1919 konzipierte Popitz die Stempelsteuer neu. Unternehmen sollten fortan bei allen Geschäften gegen Entgelt diese Steuer abführen. Die Allphasen-Brutto-Umsatzsteuer war geboren. Popitz half außerdem dabei, klare Rechtsbegriffe zu entwickeln. Er war dabei einer der Ersten, der das Steuerrecht nicht wie vorher vom bürgerlichen, sondern nun vom öffentlichen Recht aus betrachtete. So wurden viele Begriffe, wie etwa Entgelt oder selbstständig, durch ihn neu interpretiert. Ferner war es ihm ein Anliegen, die Umsatzsteuer nicht für sich stehen zu lassen, sondern sie mit den anderen Teilgebieten der Rechtswissenschaft zu verbinden. Außerdem sollten wissenschaftliche und politische Fragen zu ­Finanzen, die mit der Steuer verbunden waren, auch zusammen behandelt werden. Er veröffentlichte einen Kommentar zur Umsatzsteuer und half damit maßgeblich mit, das Steuerrecht als ­einen eigenen Rechtszweig innerhalb des Verwaltungsrechts zu etablieren. Popitz, der ab 1922 auch als Honorarprofessor für Steuerrecht und Finanz­wissen­schaft in Berlin lehrte, verband ­dabei steuerpolitische und philosophische Prinzipien.
In den folgenden Jahren beteiligte sich Popitz an den Reformen des Finanzsystems sowie der Verwaltung, wobei die Umsatzsteuer sich schon bald zur wichtigen Einnahmequelle für den Staatshaushalt entwickelte. Mit Popitz’ Karriere ging es weiter steil bergauf. 1925 wurde er Staatssekretär im Reichsfinanzministerium. Von diesem Amt trat er im Dezember 1929 zurück, aus Protest gegen die Einmischung des Reichsbankpräsidenten Hjalmar Schacht. Doch seine Karriere ging weiter: 1932 wurde er – nach der Absetzung der preußischen Staatsregierung – kommissarischer Leiter der preußischen Finanzen sowie Reichsminister ohne Geschäftsbereich. Nach der Ernennung Adolf Hitlers zum Reichskanzler erhielt Popitz im April 1933 das Amt des preußischen Finanzministers.

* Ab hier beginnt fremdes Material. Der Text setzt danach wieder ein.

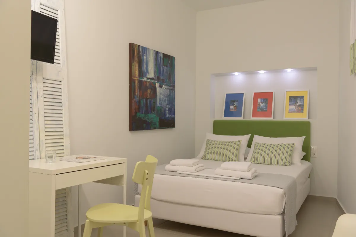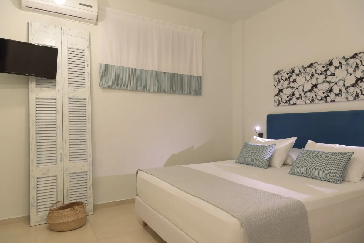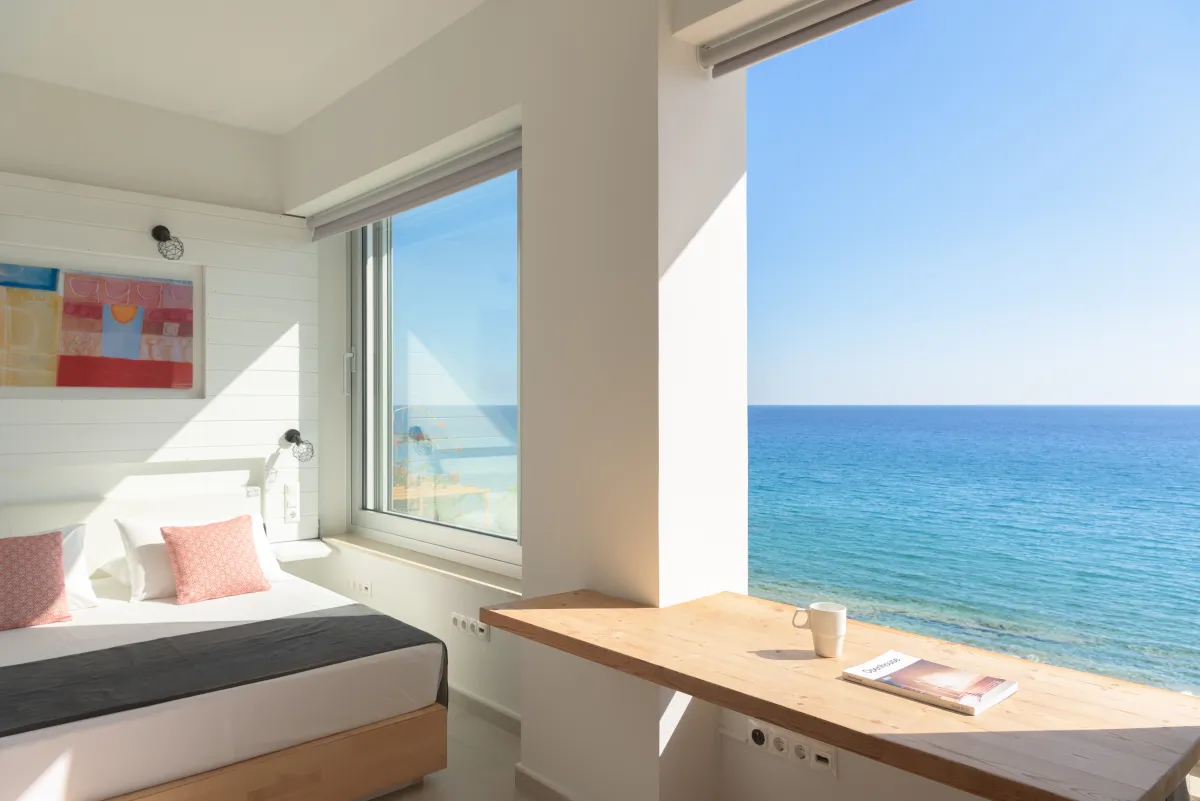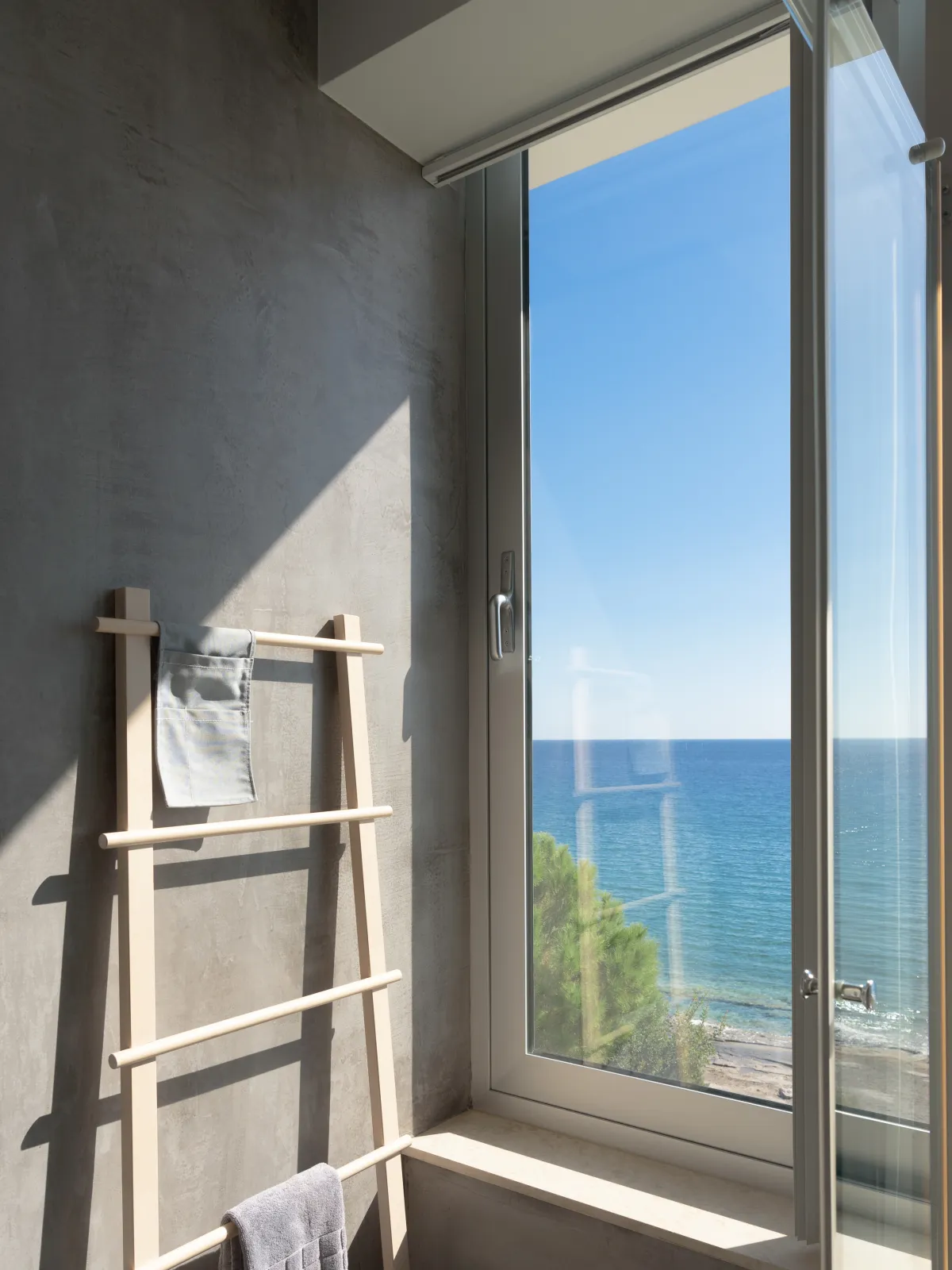 The luxury Thalassa Villa has 4 double bedrooms, 3 with king-size beds and one with a queen-size bed. The villa also has a double bunk bed. All the bedrooms are tastefully decorated with neutral shades and fitted with TVs, air-conditioning. Two of them have large sea-facing windows. There are 2 full bathrooms and one WC, and guests are provided with bath towels and toiletries. Fresh linens are provided for villa guests.

Er bejahte zunächst zwar einen autoritären Staat, wollte aber ein Gewaltregime nicht willentlich mitbegründen. Mit der wachsenden Erkenntnis, in das Unrecht des Dritten Reiches verstrickt zu sein, wuchs in Popitz der innere Widerstand, ohne aber den offenen Bruch zu wagen. Ab 1938 knüpfte er verschiedene Kontakte zu konservativen Wider­stands­kreisen, unter anderem zu Carl Friedrich Goerdeler. 1943 unterhielt er sich sogar mit Heinrich Himmler über die Absetzung Hitlers. Nach dem Attentatsversuch auf Hitler im Juli 1944 verhaftete die Gestapo Popitz, der von den Attentatsplänen allerdings nichts gewusst hatte. Vom Volksgerichtshof zum Tode verurteilt wurde Johannes ­Popitz am 2. Februar 1945 hingerichtet.
Den Erfolg der von ihm mitgestalteten Umsatzsteuer sowie das Aufblühen der Steuer­rechts­wissen­schaft erlebte Popitz nicht mehr. Rolf Grabower, ein langjähriger Mitarbeiter von Popitz, urteilte über seinen einstigen Chef: „Wie alle großen Menschen war auch Popitz […] umstritten.“ Grabower selbst war ebenfalls eine bedeutende Person für die deutsche Steuergeschichte, doch dazu mehr in einer späteren DATEV-magazin-Ausgabe.